1.   La première, gouvernée principalement par une éthique de la conviction, est de se lancer dans une troisième aventure référendaire. Conséquences prévisibles : au pire, un troisième échec, au mieux, une victoire, mais non reconnue. Il ne suffit pas en effet d’être convaincu, selon une éthique de la conviction, de la valeur incontournable de la règle de la majorité absolue pour que celle-ci devienne automatiquement opérante : il importe également, selon une éthique de la responsabilité, de s’assurer que les autres - ceux à Ottawa - le soient également. Si le Parti Québécois annonce la tenue d’un nouveau référendum sans s’assurer d’une telle chose, il s’expose à la fois au risque d’un refus de négocier de la part du fédéral et au risque de devoir recourir à la sécession unilatérale, avec pour conséquences un contexte social et politique instable et une reconnaissance internationale rendue très difficile (en particulier celle des États-Unis).

  1. La seconde option, mue principalement par une éthique de la responsabilité : renoncer (provisoirement) à la tenue d’un référendum, à tout le moins tant et aussi longtemps que le Parti libéral sera au pouvoir à Ottawa et qu’un autre parti d’envergure nationale ne transformera pas de manière importante le climat politique canadien. Seule une souveraineté négociée pourra permettre au Québec d’accéder au statut d’État souverain dans des conditions de relative stabilité. Mais il faut pour cela un gouvernement à Ottawa, non seulement disposé à négocier, mais également disposé à s’entendre avec le Québec sur des règles raisonnables d’accession à la souveraineté : d’abord sur le principe de la majorité absolue ; ensuite sur le cadre d’une question référendaire qui n’exclut pas a priori les idées d’association et de partenariat ; finalement, sur un engagement de sa part à reconnaître, le cas échéant, le nouvel État souverain et à faire respecter les termes de cette reconnaissance (par exemple, en refusant d’appuyer le partitionnisme, en se montrant favorable à la création d’ententes interétatiques concernant le dossier des nations autochtones, etc.). Est-il naïf de penser que le Québec pourra un jour accéder au statut d’État souverain (avec ou sans partenariat) dans une relative stabilité, en évitant la confrontation? Peut-être. Mais selon moi, nous n’avons pas le choix de nous accrocher à cette idée.
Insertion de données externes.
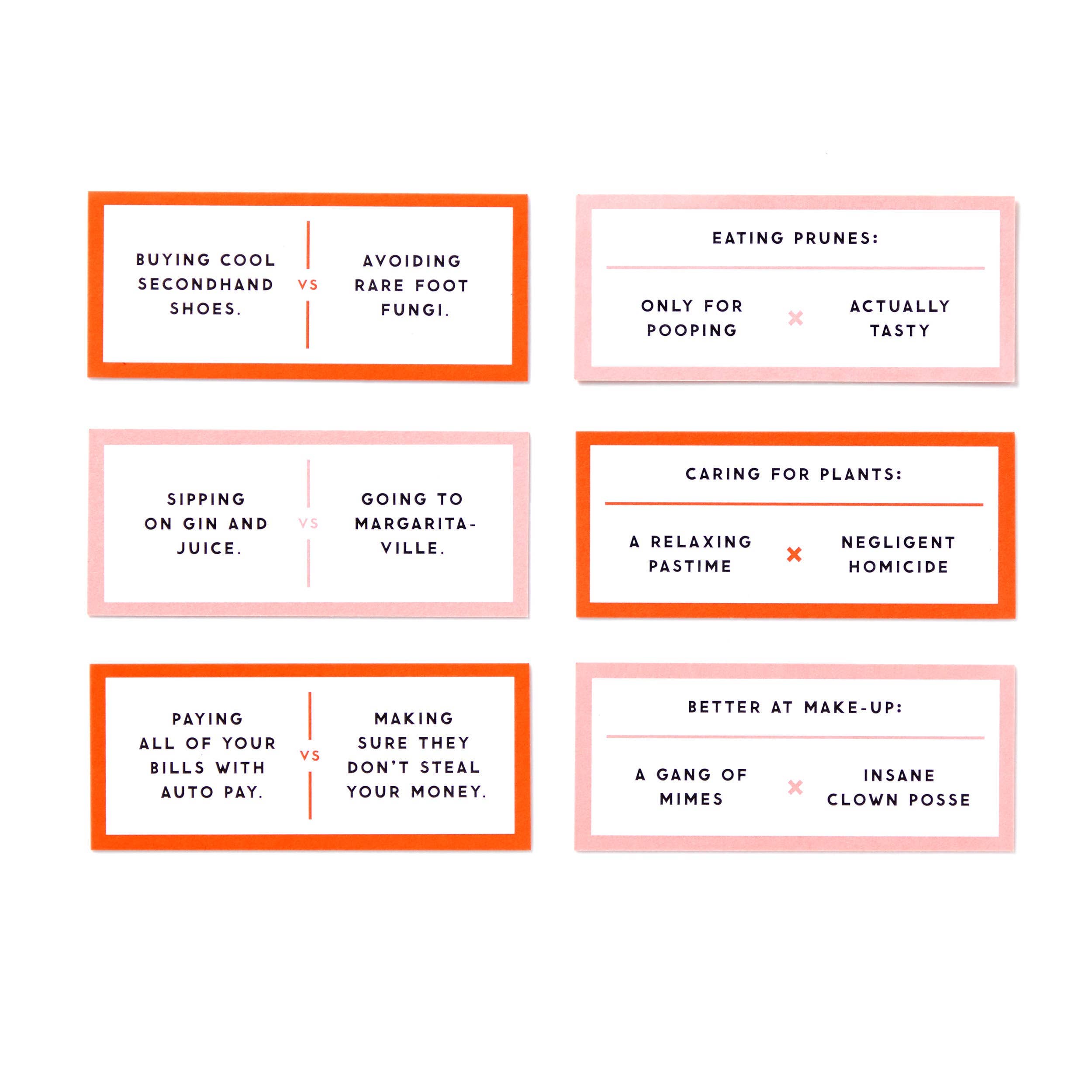 Win points for winning arguments. This social game by Brass Monkey includes 200 game cards, each featuring opposing views of hot button issues...like how to load the dishwasher like an actual human being. Just pick a side, and debate it out. There's no politics, religion, or any of that crap here. There are way more important things to fight about. For example: Those brownie edge pieces are garbage. Go ahead, prove us wrong. - Includes 200 things to argue about...not like you needed the help, dad. - Are hot dogs sandwiches? Is cereal a soup? Pick a side, then pick a fight. - Game instructions are provided - Each two-sided card measures 1.5" tall by 3.5" wide. - Box measures 4.1" square (by 2" deep if you're curious).

Je pense en effet que, si un référendum avait lieu dans des conditions comparables à celles que j’ai énumérées, un oui majoritaire l’emporterait aisément. Les Québécois veulent se donner tous les instruments politiques nécessaires à leur survie culturelle en Amérique du nord ; cependant, la conscience qu’ils ont de la précarité de leur situation n’est pas encore suffisamment aiguë pour qu’ils soient prêts à vouloir un État souverain même au prix de l’instabilité. On ne peut les en blâmer. Pourquoi devraient-ils payer ce prix? Ceux qu’il faut blâmer, ce sont les membres du parti présentement au pouvoir à Ottawa qui se plaisent malicieusement à agiter le spectre de l’instabilité, instabilité qu’ils contribuent pourtant eux-mêmes à alimenter, entre autres par leur refus déraisonnable de règles démocratiques simples.



NOTES


[1] L'auteur est professeur de philosophie à l'Université du Québec à Trois-Rivières.

[2] Les artisans de la loi fédérale semblent s’être inspirés de la méthode préconisée par Louis Massicotte, professeur de science politique à l’Université de Montréal. Cf. Le Devoir, mercredi 9 septembre 1998, pp. A1 et A8.

[3] La Presse, samedi 30 octobre 1999, p. B9.

[4] L’hypothèse de tenir un second référendum est ici exclue : cette option ne peut se présenter qu’en cas d’échec des négociations, mais il faut alors supposer qu’il y a eu négociation. Le scénario que nous envisageons à titre d’hypothèse en est un qui précède la tenue même de négociations.

[5] Max Weber, Le savant et le politique, Paris, Plon, 1959 ; Karl-Otto Apel, Discussion et responsabilité. L’éthique après Kant, Paris, Éditions du Cerf, 1998.